Copy nothing but the text: reproduce each line of the listing exactly and leave the pictures out.

• **GIVEN MATERIAL**:
---
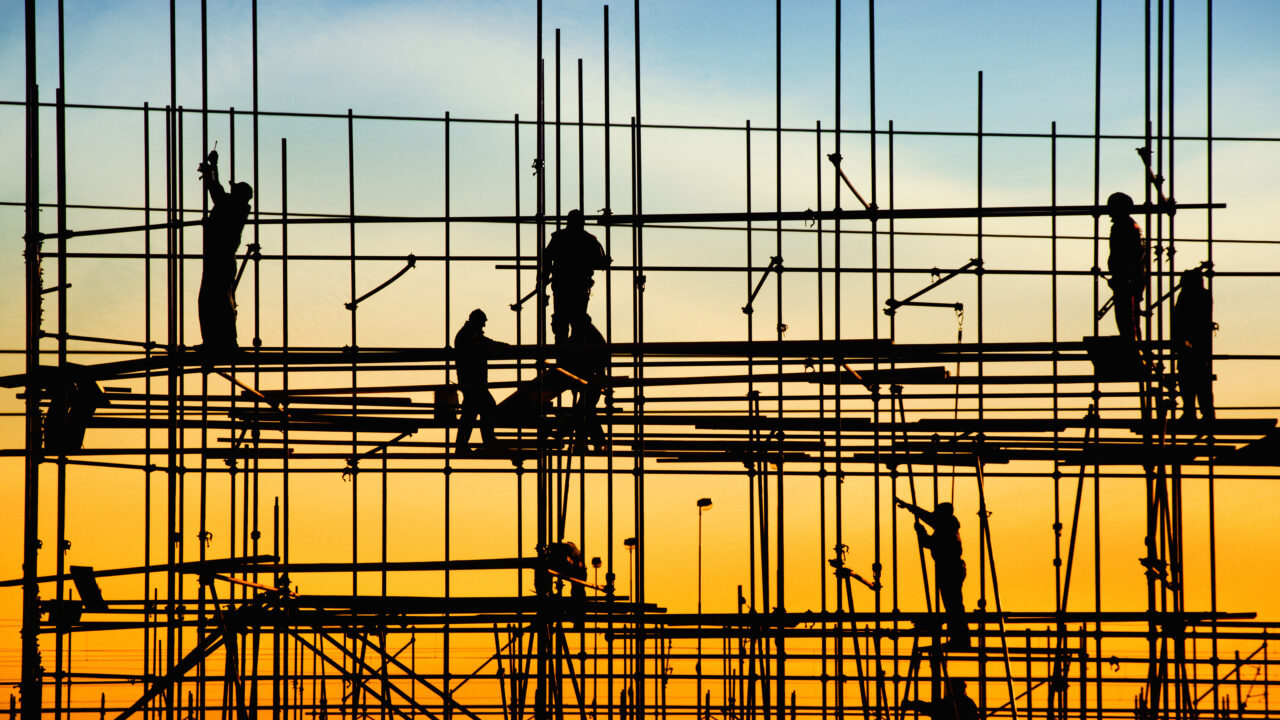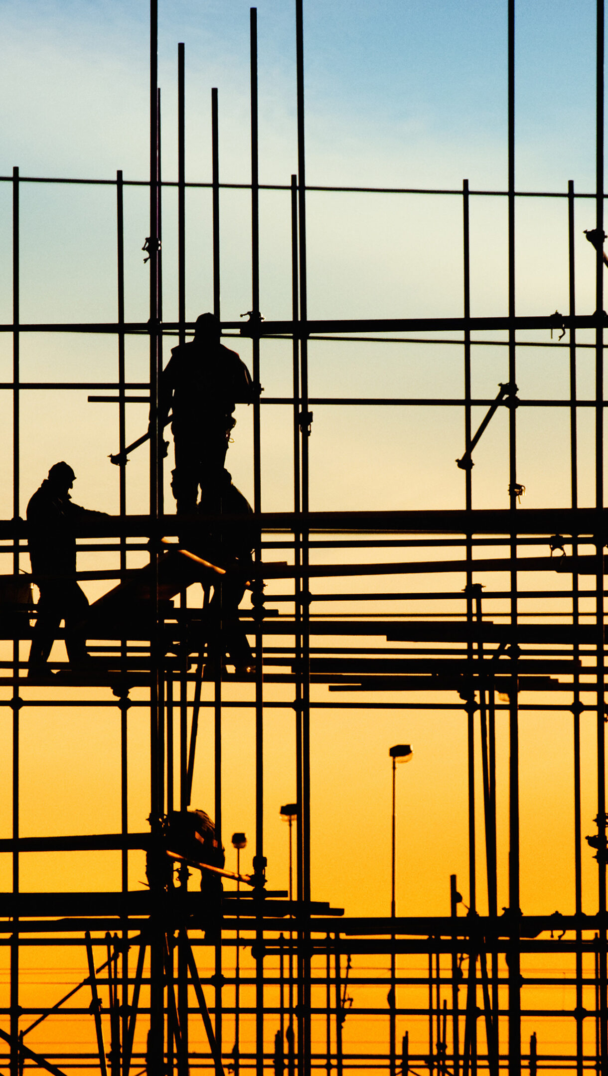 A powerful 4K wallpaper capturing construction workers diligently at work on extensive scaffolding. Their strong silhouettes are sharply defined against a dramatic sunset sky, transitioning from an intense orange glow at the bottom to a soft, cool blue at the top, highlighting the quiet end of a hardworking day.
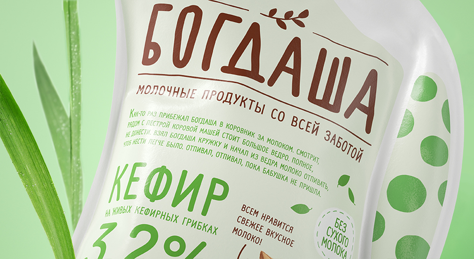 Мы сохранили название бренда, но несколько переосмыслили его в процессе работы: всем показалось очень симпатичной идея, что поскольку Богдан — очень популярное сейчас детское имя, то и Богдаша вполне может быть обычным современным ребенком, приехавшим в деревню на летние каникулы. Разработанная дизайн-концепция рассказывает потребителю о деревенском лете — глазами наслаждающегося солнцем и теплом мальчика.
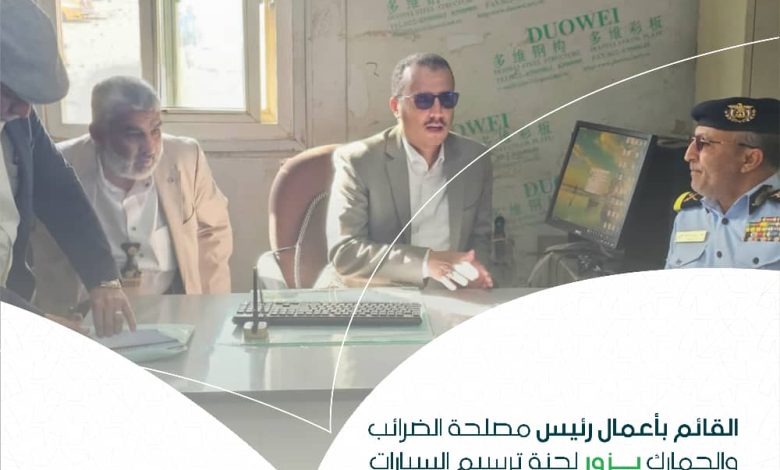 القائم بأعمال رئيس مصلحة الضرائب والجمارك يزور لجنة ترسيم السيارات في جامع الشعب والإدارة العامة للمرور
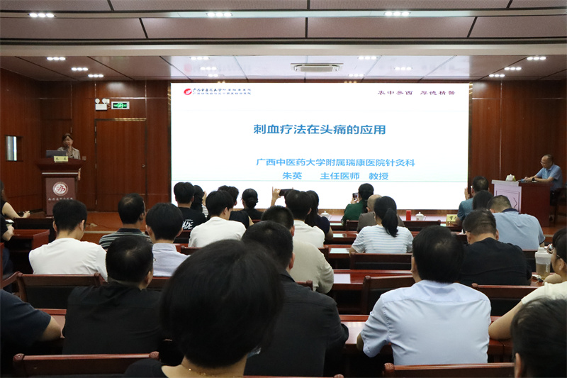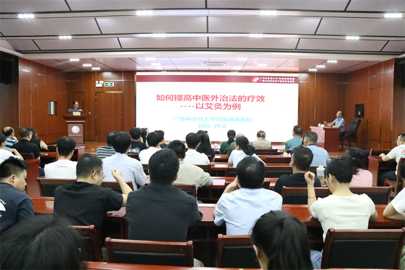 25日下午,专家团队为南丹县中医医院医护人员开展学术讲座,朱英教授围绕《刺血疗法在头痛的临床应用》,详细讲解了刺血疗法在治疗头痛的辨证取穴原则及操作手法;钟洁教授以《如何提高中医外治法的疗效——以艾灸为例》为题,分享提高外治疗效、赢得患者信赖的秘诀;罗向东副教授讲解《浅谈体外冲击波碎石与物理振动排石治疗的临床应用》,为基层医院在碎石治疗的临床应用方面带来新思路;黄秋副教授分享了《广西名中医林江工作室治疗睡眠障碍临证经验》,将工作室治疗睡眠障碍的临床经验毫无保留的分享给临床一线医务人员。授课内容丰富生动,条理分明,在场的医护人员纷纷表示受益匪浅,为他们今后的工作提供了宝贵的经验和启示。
---
• **RESPONSE TO THIS TASK**:
 A powerful 4K wallpaper capturing construction workers diligently at work on extensive scaffolding. Their strong silhouettes are sharply defined against a dramatic sunset sky, transitioning from an intense orange glow at the bottom to a soft, cool blue at the top, highlighting the quiet end of a hardworking day.
 Мы сохранили название бренда, но несколько переосмыслили его в процессе работы: всем показалось очень симпатичной идея, что поскольку Богдан — очень популярное сейчас детское имя, то и Богдаша вполне может быть обычным современным ребенком, приехавшим в деревню на летние каникулы. Разработанная дизайн-концепция рассказывает потребителю о деревенском лете — глазами наслаждающегося солнцем и теплом мальчика.
 القائم بأعمال رئيس مصلحة الضرائب والجمارك يزور لجنة ترسيم السيارات في جامع الشعب والإدارة العامة للمرور
 25日下午,专家团队为南丹县中医医院医护人员开展学术讲座,朱英教授围绕《刺血疗法在头痛的临床应用》,详细讲解了刺血疗法在治疗头痛的辨证取穴原则及操作手法;钟洁教授以《如何提高中医外治法的疗效——以艾灸为例》为题,分享提高外治疗效、赢得患者信赖的秘诀;罗向东副教授讲解《浅谈体外冲击波碎石与物理振动排石治疗的临床应用》,为基层医院在碎石治疗的临床应用方面带来新思路;黄秋副教授分享了《广西名中医林江工作室治疗睡眠障碍临证经验》,将工作室治疗睡眠障碍的临床经验毫无保留的分享给临床一线医务人员。授课内容丰富生动,条理分明,在场的医护人员纷纷表示受益匪浅,为他们今后的工作提供了宝贵的经验和启示。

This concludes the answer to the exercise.